Читаем Агнесса из Сорренто полностью

«Эти принцы и князья, – размышляла она, – столь привыкли повелевать, что нет ничего удивительного в том, что мы не смеем их ослушаться. Бабушка вечно честит их волками и стервятниками, говорит, что они готовы разорвать нас, бедняков, на части, но мне он представляется добрым и кротким. Мне кажется, нет ничего порочного или безнравственного в его желании взять меня в жены, и, разумеется, он и не ведал, почему ему негоже просить моей руки, но, по-моему, его любовь ко мне прекрасна. О, если бы я только была принцессой, а он любил бы меня вот так, с какой радостью я отдала бы все и последовала бы за ним! А потом мы молились бы вместе, и я уверена, что так будет куда лучше, чем молиться в одиночестве… Пресвятая Дева, смилуйся над ним, спаси его душу!»
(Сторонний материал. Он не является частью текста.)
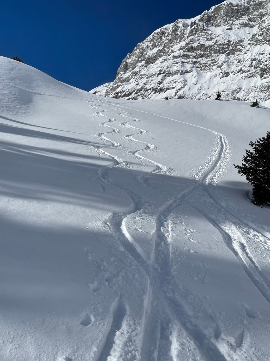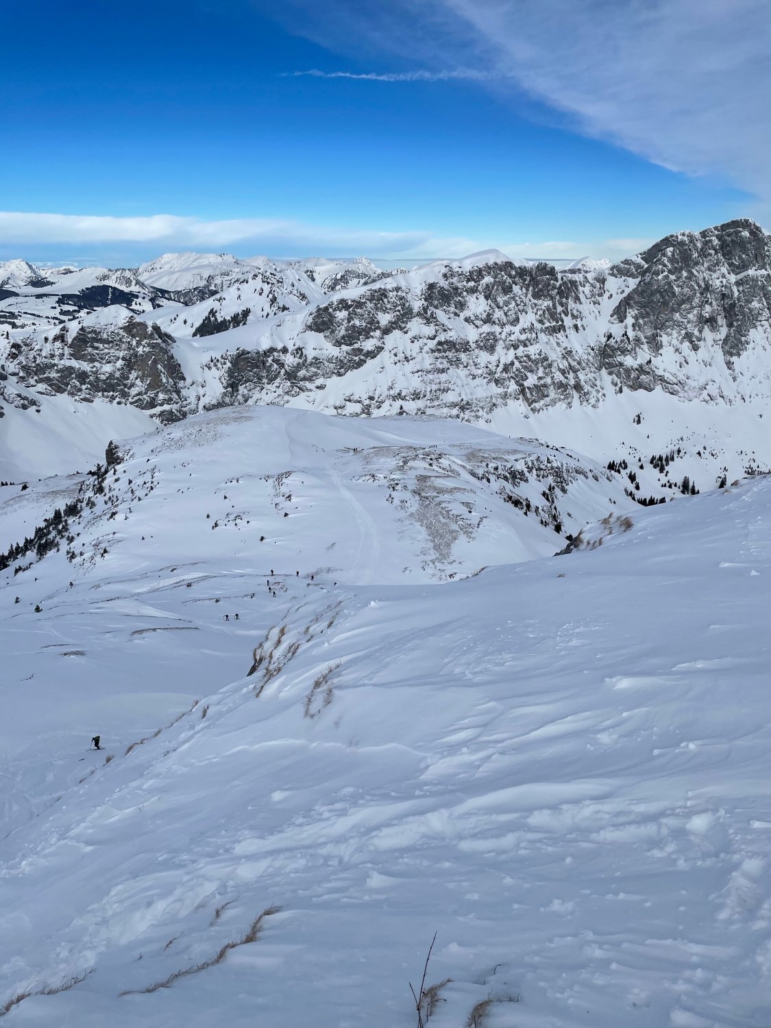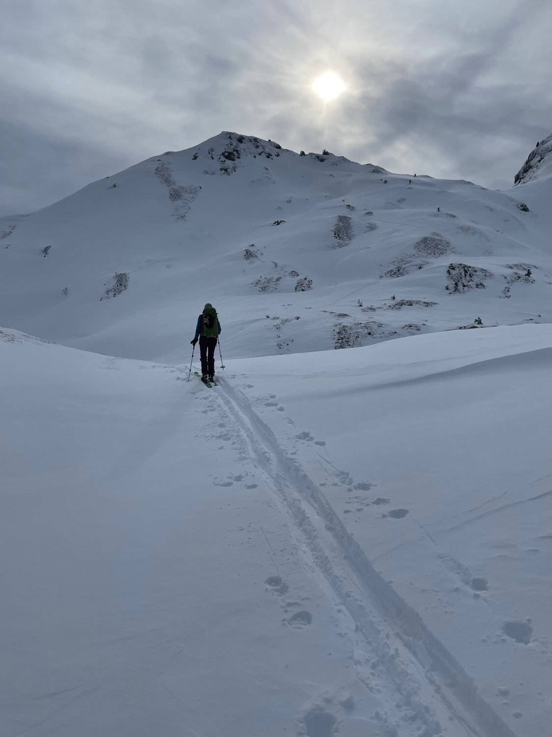 Das Chelli ist jetzt ziemlich sicher umgestochen. Wir haben die unberührten Hänge auf der Aufstiegsroute genossen. Hat sich am Nachmittag eventuell auch noch geändert.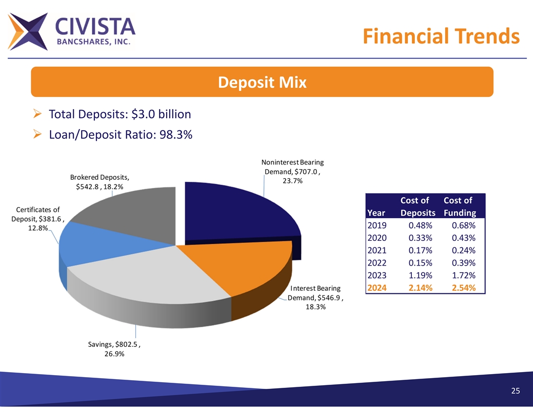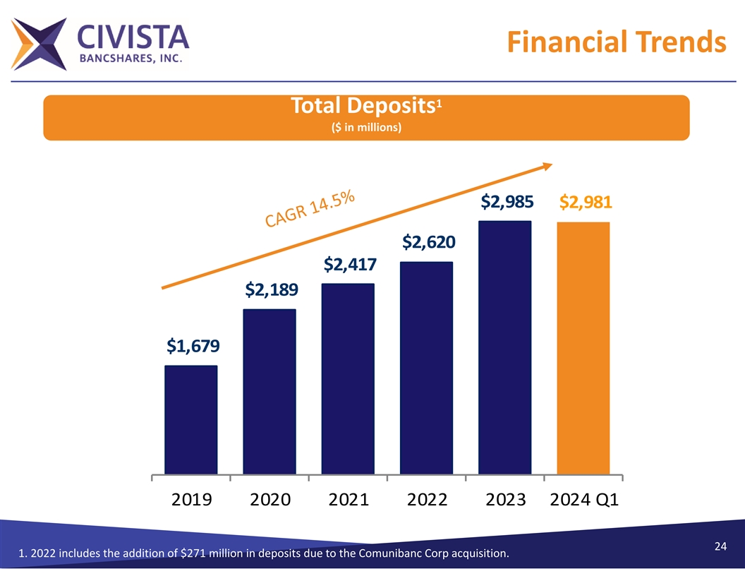 Financial Trends 1 Total Deposits ($ in millions) $2,985 $2,981 $2,620 $2,417 $2,189 $1,679 2019 2020 2021 2022 2023 2024 Q1 24 1. 2022 includes the addition of $271 million in deposits due to the Comunibanc Corp acquisition.

Вот каким размышлениям предавалась Агнесса в тот день, когда готовилась идти на исповедь, и всю дорогу в церковь неясные эти мысли не давали ей покоя, то обретая смутный облик в ее сознании, то ускользая, то появляясь в несколько ином образе, словно те серебристые облака дыма, что непрестанно плывут и кружатся вокруг Везувия.

В одном только решение ее было твердо и неизменно, а именно она намеревалась все честно поведать своему духовному наставнику. Преклонив колени у исповедальни, закрыв глаза и шепотом признаваясь в проступках и прегрешениях, она старалась убедить себя, будто обращается к одному лишь Богу, чей дух, как ее учили, нисходит во время исповеди на Его служителя, от которого не могла она утаить ни единого, самого сокровенного чувства, ни единой, самой сокровенной мысли.

Тот, кто внимал ей в стенах исповедальни, только что вернулся из своего затвора в состоянии умственного и нервного напряжения, выражавшегося в экстатической ясности и спокойствии, которое он ошибочно принимал за духовную победу и умиротворенность.

Человеческой природе свойственны сложность и глубина, которую не измерить никаким отвесом: найдутся те, кому знакомы безумные, одинокие радости фанатического восторга, совершенно неутолимая жажда самоистязания, способная со временем полностью изменить изначальный душевный склад человека и превратить ад в рай. Как иначе воспринимать излагаемые и в индуистском, и в христианском предании истории тех мужчин и женщин, что испытывали странный восторг, подвергая себя медленным пыткам и год от года продлевая их, пока тело и дух не привыкали к боли? Говорят, что, претерпев пытку на дыбе, выдержавшие непосильную нагрузку ощущают небывалую нервную реакцию – невероятное облегчение и покой; точно так же, когда дух и плоть измучены и истерзаны до последней степени изнеможения, наступают сладостное волнение и восторг, удивительное состояние небесного ясновидения, которое мистик приветствует как нисхождение в свою душу Небесного Иерусалима[83].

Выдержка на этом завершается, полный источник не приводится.